Sunday, 12 February 2012

The SECRET LOVER CONTRACT

This agreement shall cover the following rules and principles:


No sleeping over – unless it is very good and we need to repeat it in the morning.
No meeting in public except for drinks before the events of the evening.
No calls before 21h30 – we don’t have anything to talk about.
None of that lovemaking nonsense – only sex allowed.
No emotional discussions (i.e. Where are we heading with this? Do you love me?).
No plans made in advance – that is why You are called a “Backup”
All gifts accepted – money is always good.
No baby talk – however dirty talk is encouraged.
No asking for comparison with former lovers – it’s really none of your damn business.
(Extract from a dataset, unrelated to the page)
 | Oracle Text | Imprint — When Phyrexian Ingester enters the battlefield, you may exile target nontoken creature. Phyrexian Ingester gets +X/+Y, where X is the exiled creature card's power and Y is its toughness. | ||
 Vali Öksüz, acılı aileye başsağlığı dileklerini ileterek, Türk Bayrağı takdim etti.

No calling each other “friends with privileges” we are not friends, just sex buddies.
Calling out the wrong name during sex is OK – don’t be offended.
No extra clothing – I don’t want your ass leaving anything behind when you leave.
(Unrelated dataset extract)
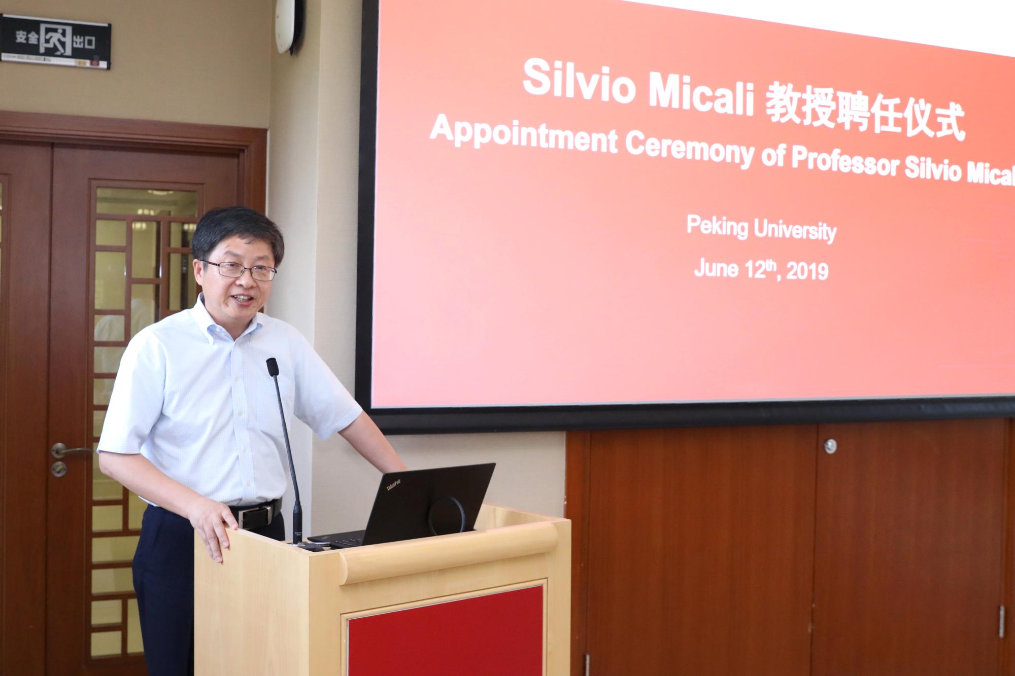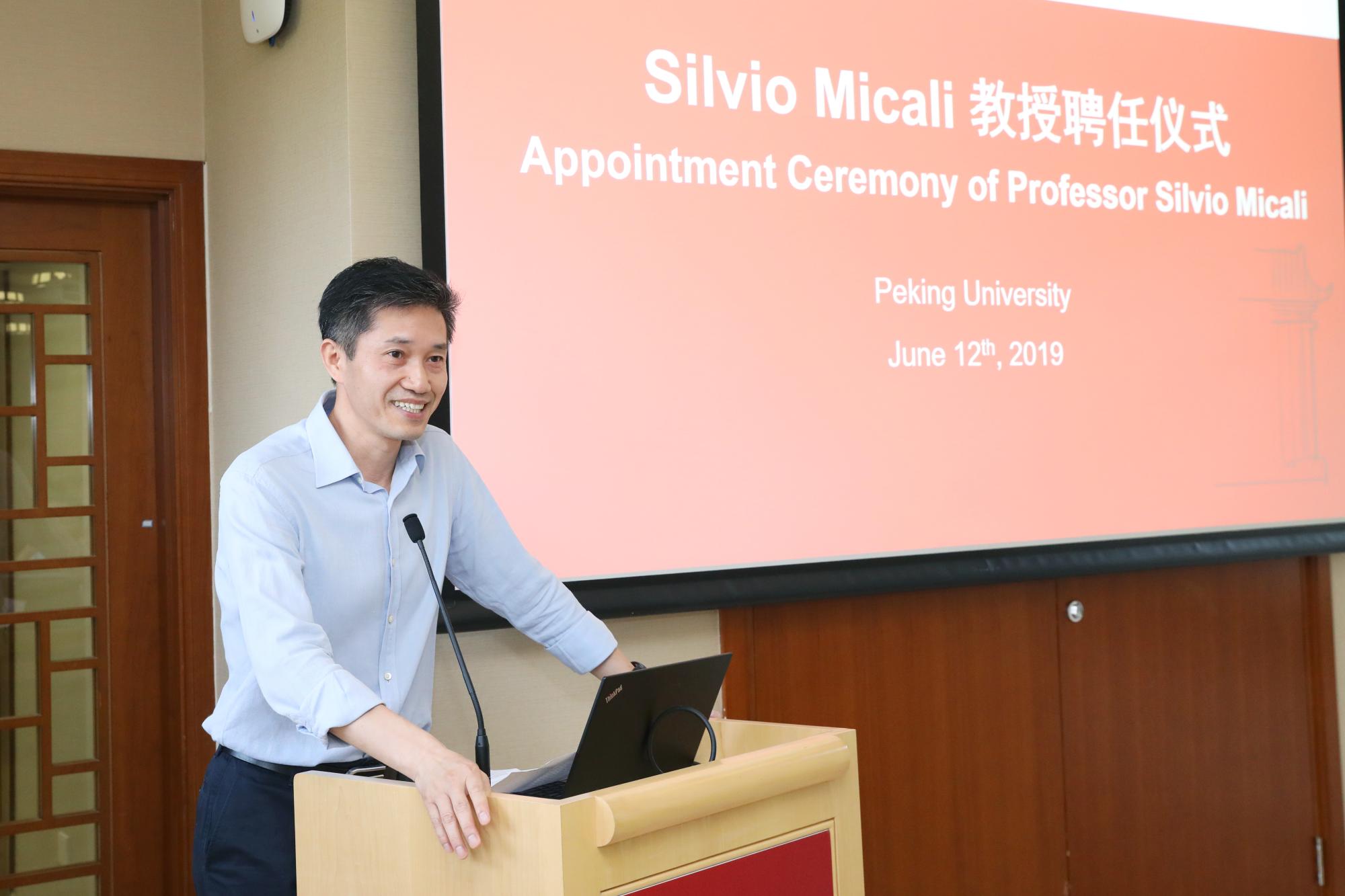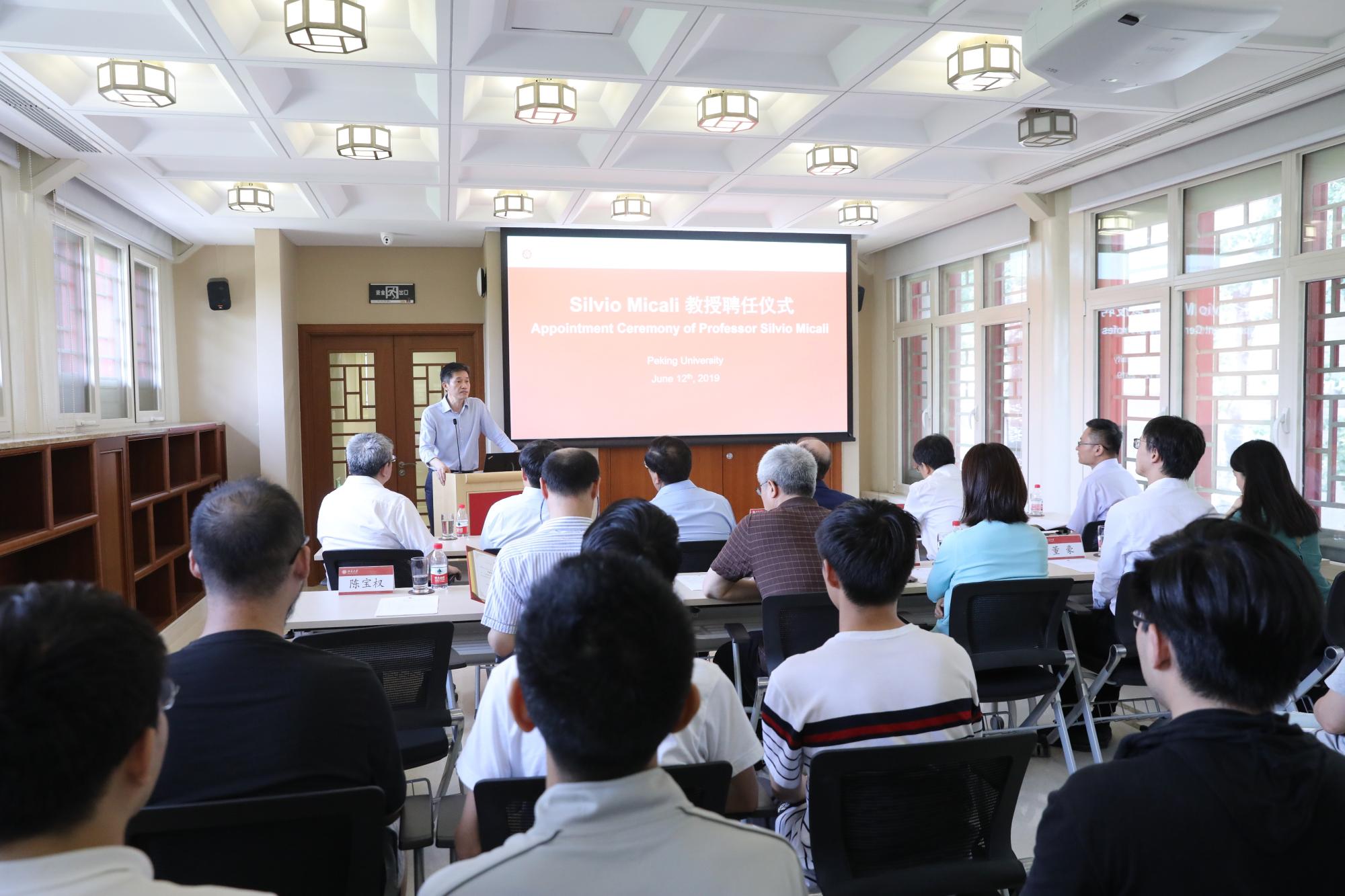 2019年6月12日,麻省理工学院Ford讲席教授、2012年图灵奖(A.M. Turing Award)获得者希尔维奥·米卡利(Silvio Micali)教授北京大学聘任仪式暨学术讲座在静园五院204会议室举行。北京大学校长郝平,研究生院常务副院长、工学院院长张东晓,国际合作部部长夏红卫,信息科学技术学院常务副院长谢冰,信息科学技术学院副院长、计算机科学技术系主任胡振江,前沿计算研究中心执行主任陈宝权,前沿计算研究中心副主任王亦洲等莅临现场。来自信息学院、数学科学学院等单位的近百名师生参加学术讲座并见证了聘任仪式。活动由陈宝权教授主持。

No falling asleep right after sex – it’s OVER, so get your ass up and go home.
Don’t be offended if I don’t ask if you enjoyed it ? I DON’T CARE!!
You cannot borrow my car keys for any reason.
If anyone asks who you are, the standard response will be “My room mate’s Boyfriend”
Doggie style is the preferred position – the reason is LESS EYE CONTACT!
No condoms, no action.
Bring your own drinks – I’m not your LIQUOR store.
No smoking cigarette before sex or after sex ? however DAGGA is encouraged.
No phone use, PLEASE – I don’t want anyone calling back looking 4 you’re ass.
No telling people we are lovers – it reduces my chances of replacing you.